When you call enable_model_monitoring(), you effectively deploy these three system functions:

application controller function: handles the monitoring processing and the triggers the apps that trigger the writer. The controller is a real-time Nuclio job whose frequency is determined by base_period.
stream function: monitors the log of the data stream. It is triggered when a new log entry is detected. The monitored data is used to create real-time dashboards, detect drift, and analyze performance.
writer function: writes the results and the metrics that output from the model monitoring applications to the databases, and outputs alerts according to the user configuration.

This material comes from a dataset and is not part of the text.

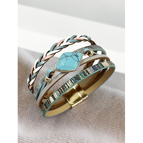 Bracciale avvolgente bohémien da donna – polsino magnetico multistrato in similpelle con ciondoli in lega e pietra turchese per abbigliamento casual, feste o regali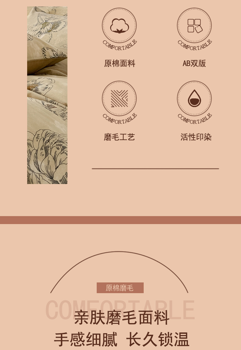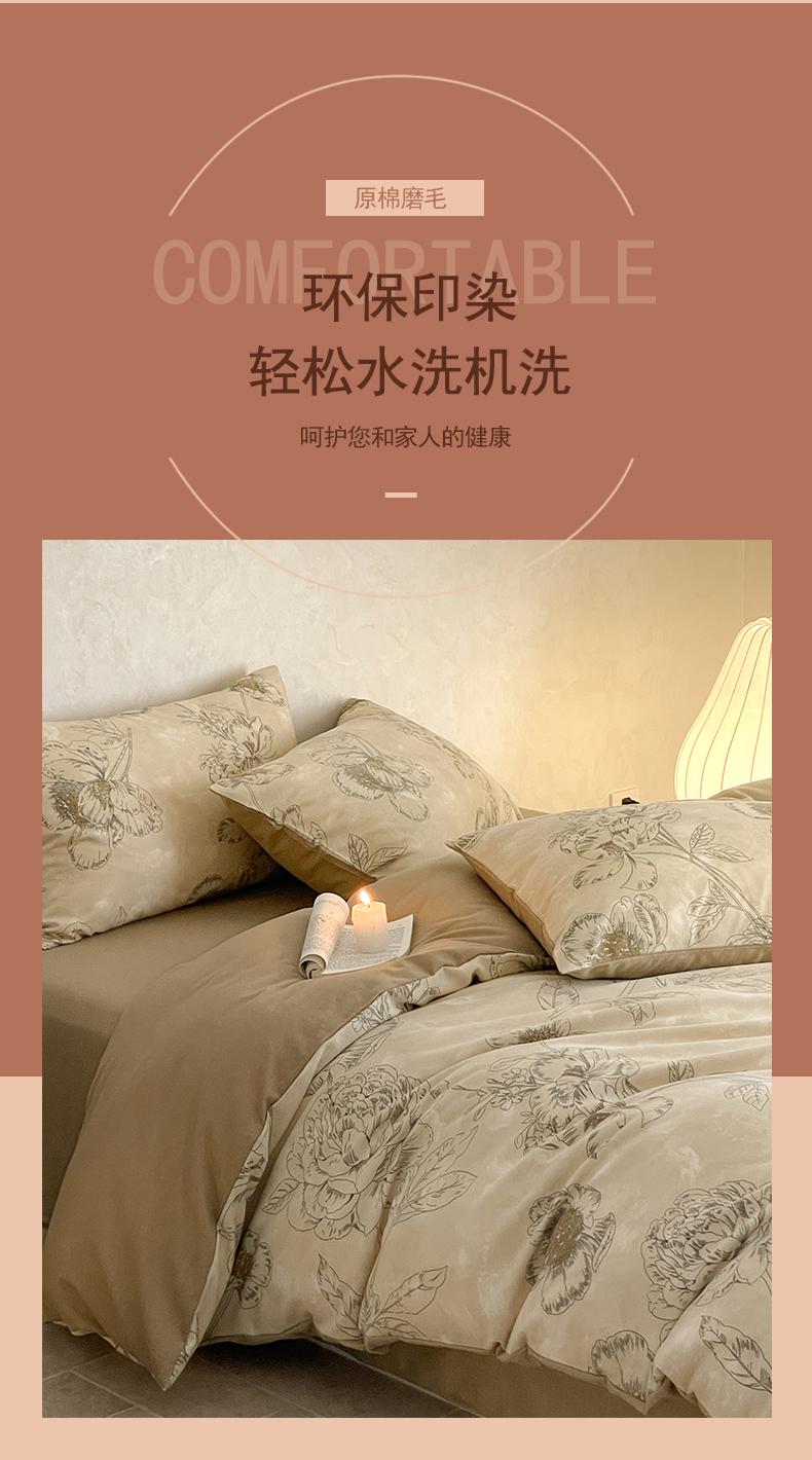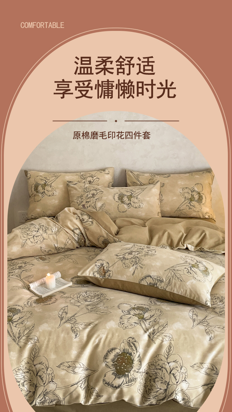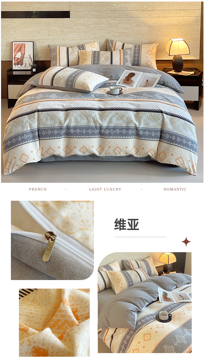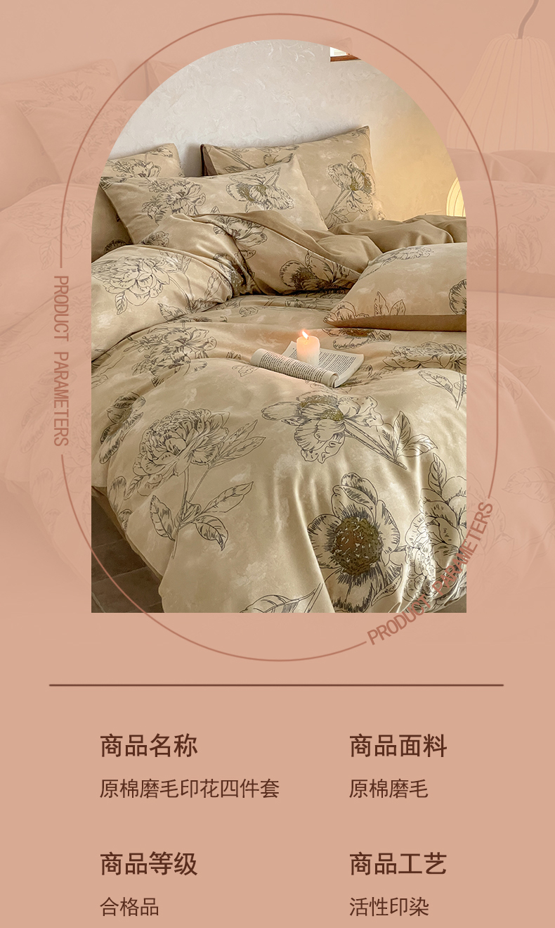 商品名称:琪格格纺织 2025新款磨毛印花四件套 素韵

The model monitoring process flow starts with collecting operational data from a function in the model serving pod. The model monitoring stream pod forwards data to a Parquet database. MLRun supports integers, float, strings, images. The controller periodically queries the time series database (TSDB) for new prediction data and forwards it to the relevant application. Each model monitoring application is a separate nuclio real-time function. Each one listens to a stream that is filled by the monitoring controller at each base_period interval. The stream function examines the log entry, processes it into statistics which are then written to the statistics databases (parquet file, time series database and key value database). The monitoring stream function writes the Parquet files using a basic storey ParquetTarget. Additionally, there is a monitoring feature set that refers to the same target.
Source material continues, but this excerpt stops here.